The first of four public meetings on the preservation and repurposing of Fort Hancock at Sandy Hook, including the bayside Officers’ Row, above, will be held Friday in Lincroft.
For more than 70 years, it stood at the ready, protecting lower New York Harbor and the northern Jersey Shore from invasion by sea. Between its founding in 1898 and its decommissioning in 1974, the United States Army base at Fort Hancock was a center of activity at the northern tip of Sandy Hook — and today its landmark buildings await decisions on their preservation and ultimate repurposing.
This Friday, June 26, members of the public are welcome to attend the first in a series of four meetings of the Fort Hancock 21st Century Federal Advisory Committee, hosted inside the Visitors Center at Thompson Park, Newman Springs Road in Lincroft. Committee members will be joined by representatives of Gateway National Recreation Area, the federal Landmark District that includes the entire Sandy Hook peninsula. Scheduled to commence at 9 am, the meeting will include a regularly scheduled public comment period that begins at 11:30.
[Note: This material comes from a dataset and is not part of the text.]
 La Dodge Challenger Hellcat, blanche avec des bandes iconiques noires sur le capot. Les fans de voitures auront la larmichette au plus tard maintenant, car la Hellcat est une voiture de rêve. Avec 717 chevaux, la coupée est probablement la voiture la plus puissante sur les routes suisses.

The meeting, in the Beech Room at the Thompson Park headquarters of the Monmouth County Parks System, will include citizens with expertise in many fields, with members advising Gateway on the best ways to preserve historic structures at the former Fort Hancock through adaptive reuse. Prominent among those structures are several houses situated along the bayside Officers’ Row, with the committee having solicited ideas from private individuals and nonprofit entities toward their rescue, renovation and repurposing.
More information about the past and future of the historic Fort Hancock area can be found here. Subsequent meetings will take place September 11 and October 23, both at Thompson Park’s Beech Room, and December 4 at the Sandy Hook Chapel.